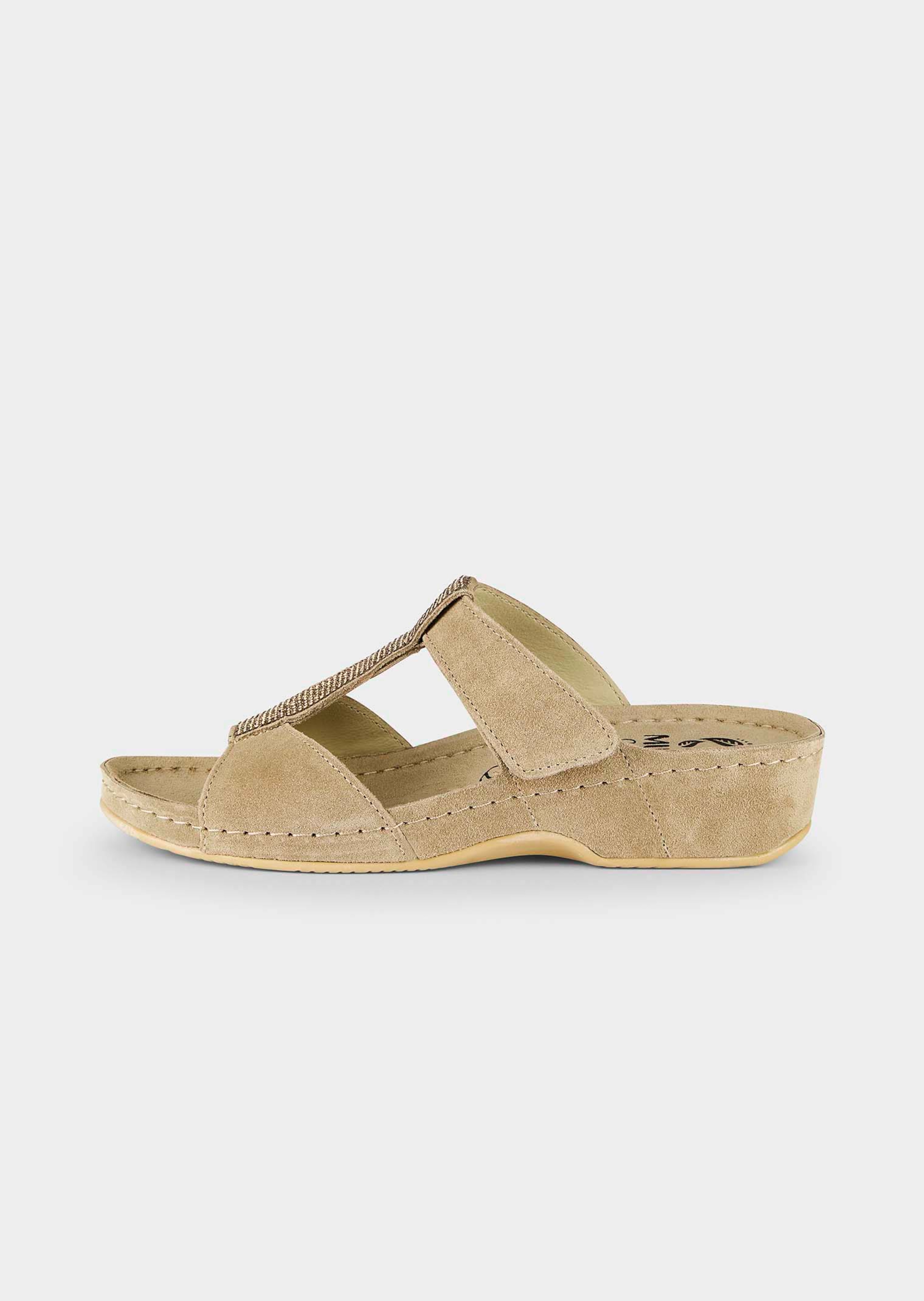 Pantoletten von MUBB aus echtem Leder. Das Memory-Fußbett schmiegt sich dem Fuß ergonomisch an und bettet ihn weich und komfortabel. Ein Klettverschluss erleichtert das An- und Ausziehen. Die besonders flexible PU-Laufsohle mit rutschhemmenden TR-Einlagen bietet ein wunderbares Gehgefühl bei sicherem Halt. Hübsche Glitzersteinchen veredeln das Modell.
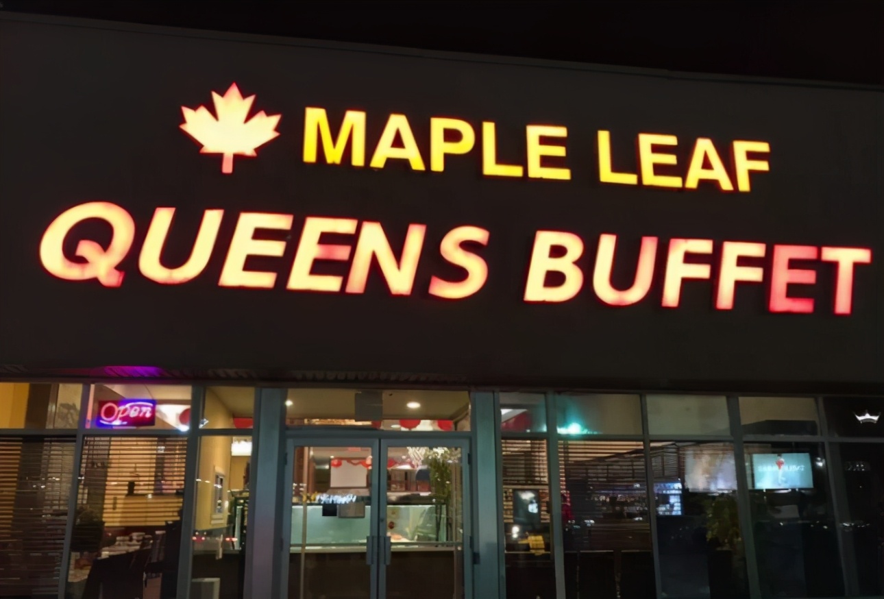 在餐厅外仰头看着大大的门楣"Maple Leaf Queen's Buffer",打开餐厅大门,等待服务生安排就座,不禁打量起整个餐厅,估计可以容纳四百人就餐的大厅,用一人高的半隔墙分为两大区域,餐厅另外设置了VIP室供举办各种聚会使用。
· · ·
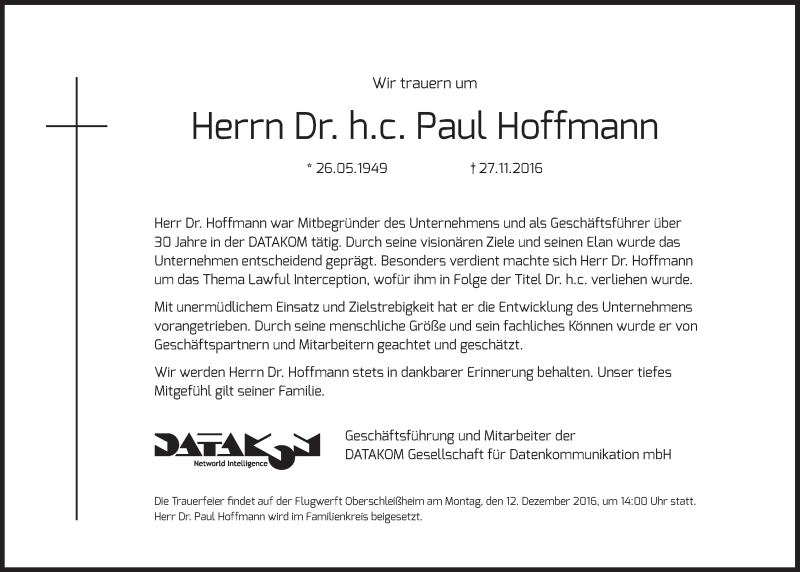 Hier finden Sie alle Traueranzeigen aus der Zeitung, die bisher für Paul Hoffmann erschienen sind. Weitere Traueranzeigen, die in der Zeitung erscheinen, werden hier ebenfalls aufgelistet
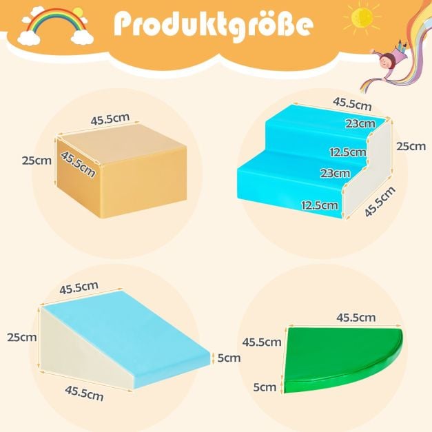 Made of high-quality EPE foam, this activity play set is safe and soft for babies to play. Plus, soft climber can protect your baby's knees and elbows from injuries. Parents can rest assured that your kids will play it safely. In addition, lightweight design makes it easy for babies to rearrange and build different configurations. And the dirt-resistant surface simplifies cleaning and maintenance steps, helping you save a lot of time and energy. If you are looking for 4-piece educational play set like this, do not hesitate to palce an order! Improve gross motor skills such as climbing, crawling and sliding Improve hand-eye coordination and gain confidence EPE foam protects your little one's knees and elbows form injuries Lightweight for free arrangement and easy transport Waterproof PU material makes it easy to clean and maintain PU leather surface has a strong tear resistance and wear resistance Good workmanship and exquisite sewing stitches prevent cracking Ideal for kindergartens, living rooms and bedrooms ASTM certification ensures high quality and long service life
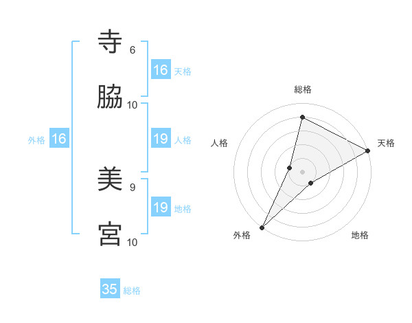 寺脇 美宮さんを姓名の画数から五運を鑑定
· · ·
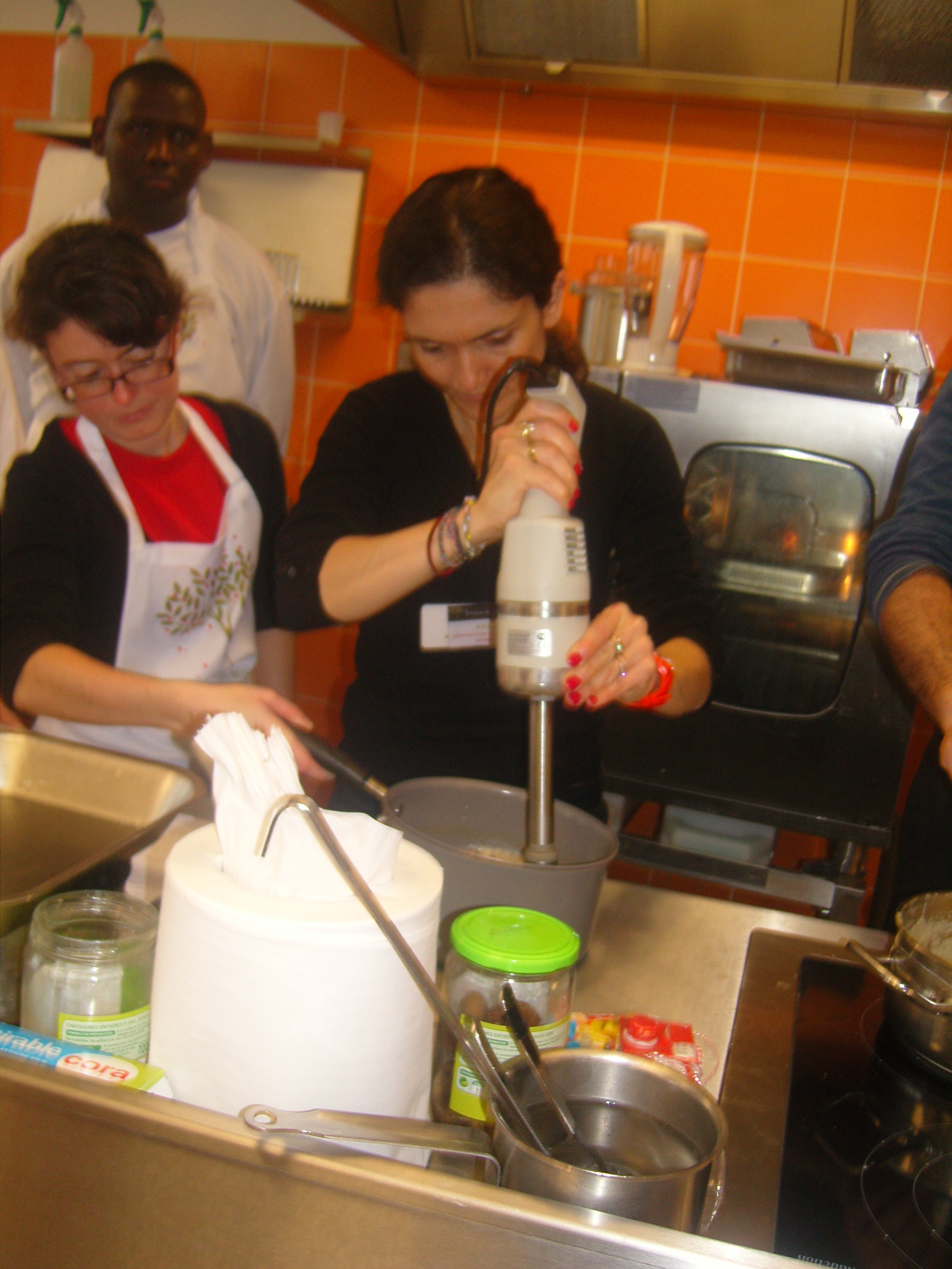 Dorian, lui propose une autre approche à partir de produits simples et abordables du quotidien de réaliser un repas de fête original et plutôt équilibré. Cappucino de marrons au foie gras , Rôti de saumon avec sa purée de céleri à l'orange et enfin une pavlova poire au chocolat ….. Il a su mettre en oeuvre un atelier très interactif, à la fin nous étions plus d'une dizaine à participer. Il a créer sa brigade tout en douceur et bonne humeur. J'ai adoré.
· · ·
Task statement:
From the records above, extract the lines from the one holding "Hier finden Sie" through the one holding "寺脇 美宮さんを姓名の画数から五運を鑑定", word for word; omit the pictures.

Task output:
 Hier finden Sie alle Traueranzeigen aus der Zeitung, die bisher für Paul Hoffmann erschienen sind. Weitere Traueranzeigen, die in der Zeitung erscheinen, werden hier ebenfalls aufgelistet
 Made of high-quality EPE foam, this activity play set is safe and soft for babies to play. Plus, soft climber can protect your baby's knees and elbows from injuries. Parents can rest assured that your kids will play it safely. In addition, lightweight design makes it easy for babies to rearrange and build different configurations. And the dirt-resistant surface simplifies cleaning and maintenance steps, helping you save a lot of time and energy. If you are looking for 4-piece educational play set like this, do not hesitate to palce an order! Improve gross motor skills such as climbing, crawling and sliding Improve hand-eye coordination and gain confidence EPE foam protects your little one's knees and elbows form injuries Lightweight for free arrangement and easy transport Waterproof PU material makes it easy to clean and maintain PU leather surface has a strong tear resistance and wear resistance Good workmanship and exquisite sewing stitches prevent cracking Ideal for kindergartens, living rooms and bedrooms ASTM certification ensures high quality and long service life
 寺脇 美宮さんを姓名の画数から五運を鑑定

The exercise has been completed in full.